Sean Collins' Portfolio

Background

Managing MySQL database hosts was previously done via a series of scripts invoked inside a special script directory on the hosts themselves. Some examples of these scripts were:

Bootstrap a host: Prepare an empty Linux machine into a MySQL database host, integrated with our existing infrastructure, and ready to have user databases deployed to it.
Build a replica: Prepare an empty Linux machine into a replica MySQL database host against a provided existing primary database host.
Move CNAME: Move the DNS record associated with a primary or replica MySQL host from one host to another.

However, since their creation, management and running of these scripts began to prove move and more problematic over time:

The scripts did not display progress, leading to confusion as to whether they were running or hung.
The scripts hung or crashed often, due to a combination of script, metadata, or networking issues.
When the scripts crashed, they didn't provide any reason (stack trace or otherwise) as to the reason for their failure, making issues close to impossible to identify.
The scripts pulled down configuration and software packages from "special hosts" which also hosted databases -- if these databases were ever failed over to a replica, the scripts to prepare new hosts would fail.
The network security policy, designed with users in mind, changed significantly since initial development of the scripts. As a result, scripts would often get stuck on user input, wait for a password/2-factor token which would never arrive, or time out due to the firewall. Some workarounds were added to the scripts, which did not consistently work.

The ultimate solution was to migrate to a host management platform built on top of Puppet, which was in development by another team at the time. However, to buy our team time, something needed to be done as an intermediary solution without too much change/retraining into how the team was accustomed to preparing and managing hosts.

Assertions

All operations on a host were broken down into individual runbooks, with the following design goals in mind:

Runbooks should be atomic; they should completely succeed or be completely rolled back.
Runbooks should be able to be run from a consistent location.
Runbooks should be written in a clear pattern, as a series of steps from top to bottom, making it easy for a human to read and parse what it does.
Runbooks should never get stuck; intermediary steps should always be associated with an active process or function call or fail gracefully. A state which is waiting on user input should be forwarded to the user who started the runbook or fail immediately if user input is not possible.
Runbooks should plan for failure; a failure in an intermediary step should explain to the user exactly what has failed, the stack trace (if available), and manual resolution steps to complete the runbook manually from the point at which it has failed.
Runbooks should fail as early as possible; they should prompt for parameters, decide, and verify as much as possible prior to executing anything, as not doing anything is cheaper than failing halfway and rolling back.

Design

Development of mysqltool began by reverse-engineering existing scripts into a series of exact manual steps that a human could run. This was a time-consuming process, as these scripts tended to be a bit messy and a bit over-optimized; sacrificing code clarity for the sake of minor performance optimizations.

Next, for each script, each step which relied on a prior decision to be made was flagged.

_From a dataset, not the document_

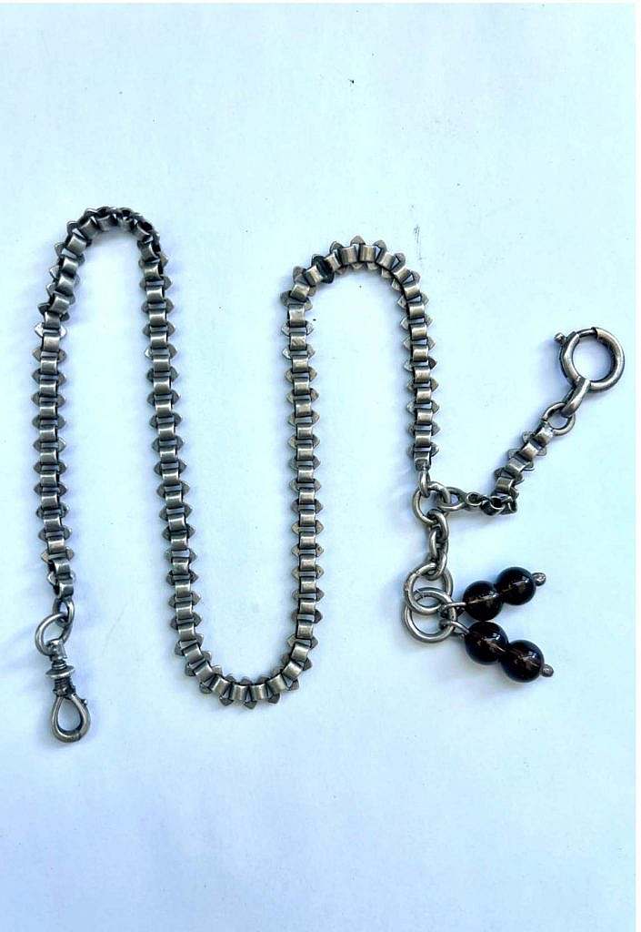 Leontina suiza formada por una pequeña cadena de muy inusuales eslabones, la cual se remata en un extremo en un gancho provisto de cierre de seguridad patentado a rosca para el reloj y de otro para el cierre y ensamblaje con el chaleco. El objeto de estas leontinas era: 1º Evitar que se cayera el reloj al suelo cuando se visualizaba la hora; 2º Evitar la pérdida del reloj; 3º Decorar el chaleco y vestimenta, dando más realce al caballero. No todo el mundo podía lucir una cadena, pues era sinónimo de poseer reloj, y el reloj en el año 1900 estaba asociado a la clase social alta. En este caso, además dispone de unas piedras redondas como si de un amuleto se tratase.

If the host is to run MySQL version 8.x, run...

If the host exists in the staging environment, change...

At this point, prompt the user for their password...

Populating all of these variables was merged into a single step called step 0, which would be run prior to the others. In addition, combinations of variables which would lead to undefined behavior later on were identified as situations where the new script would fail early.

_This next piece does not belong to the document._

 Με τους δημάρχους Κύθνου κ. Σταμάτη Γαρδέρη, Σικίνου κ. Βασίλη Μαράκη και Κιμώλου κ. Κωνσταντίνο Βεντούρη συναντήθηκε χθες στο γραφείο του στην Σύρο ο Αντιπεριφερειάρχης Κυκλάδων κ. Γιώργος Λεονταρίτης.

The exact manual steps were committed into code to start the runbook. Steps which required a decision were exposed as templates, which would be fully rendered after completion of step 0. Configuration files were translated from existing individual files (on the "special hosts" mentioned above) tailored for several different configurations to single, templated files in code. That way, in the event of failure, the user would be presented with a completed manual runbook from the point of failure and would not have to make any decisions themselves.

Each manual step was translated into an automated step in code. Each automated step, when run, would show:

The numbered step in the runbook
The number of steps remaining
A human-readable summary of what the runbook was doing in that step
Exact shell commands executed within that step (if any)
Stdout/stderr returned as a result (if any)

Finally, all runbooks were wrapped into a single executable and automatically distributed to the machines of all members of the team. They could now be invoked from the user's dev machine instead of having to connect remotely to the machine to be prepared.

Result

Host management overhead reduced significantly after mysqltool was made available, with the old scripts quickly falling into disuse. Time spent preparing a host reduced from an average of 40 minutes, including time for active troubleshooting, to about 15 minutes of largely "fire-and-forget" invocation. The number of hosts with inconsistent configuration or in a half-completed state dropped to nearly 0 a few months after the tool was released, and remained consistent ever since. The runbook model of structuring the automation was easy to understand, allowed new engineers to quickly submit bugfixes soon after their onboarding, and was reused to build further automation by other members of the team.